# Strikemaster ice auger



## getterdone (Jan 29, 2014)

problems with my strikemaster auger TC300. The problem is it starts and dies starts and dies after dozen of pulls I try a new plug, nothing same result so I poured a little gas down the spark plug hole fired it up starts stay ons till the gas burns out. so I figures the Carb pulled it apart cleaned it. put everything back together replace the fuel line and still the same result. Can it be that the carb needs to be rebuild. also on the carb is the butter fly suppose to be closed all the way when throttles is off or open just a little for air ?
and the gaskets called the dust seal gasket i believe is bad there gone on both bottom and top shaft lever


----------



## getterdone (Jan 29, 2014)

By the way the ratio is 25:1 I have 40:1 running in it atm can that be a problem?


----------



## Sir Thomas (Dec 7, 2013)

getterdone said:


> By the way the ratio is 25:1 I have 40:1 running in it atm can that be a problem?
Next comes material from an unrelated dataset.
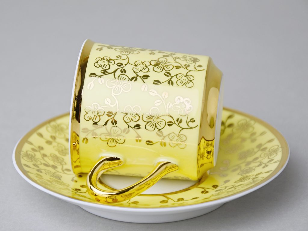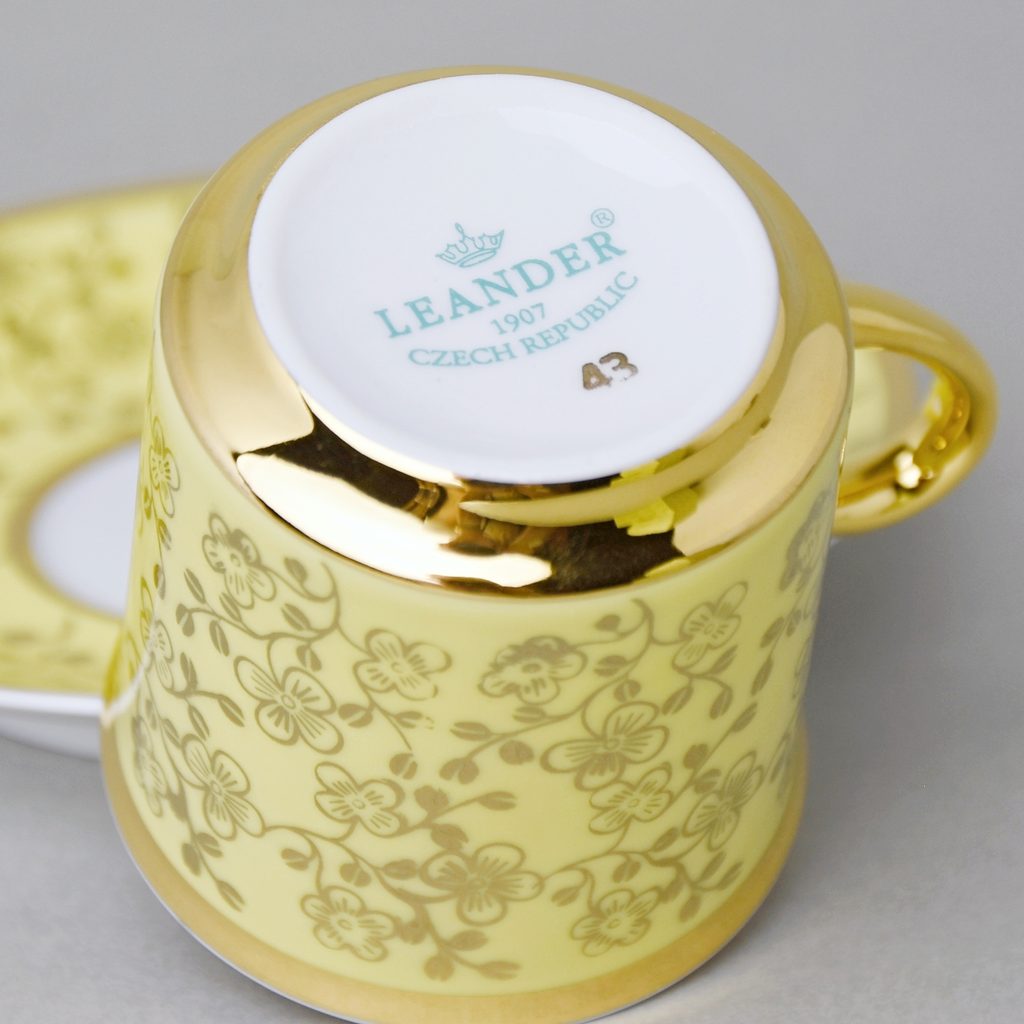 Šálek 100 ml mocca a podšálek 11,5 cm Sabina, vnitřní zlacení, žlutý, Leander Loučky

If I'm not badly mistaken, and I'm new to two cycle after working on 4 cycle, 40:1 mean 40 parts fuel to 1 part 2 cycle oil. If you use 25:1 that means you are using 25 parts fuel to 1 part oil. If my math is correct you are using around 1/3 more oil in the fuel than the machine is designed for. Some 2 cycle engines it may not affect but then some it may foul up because the motor is getting more oil in the burn mixture than it's designed for plus what it could do to your carb. Not right away but in the long run.


----------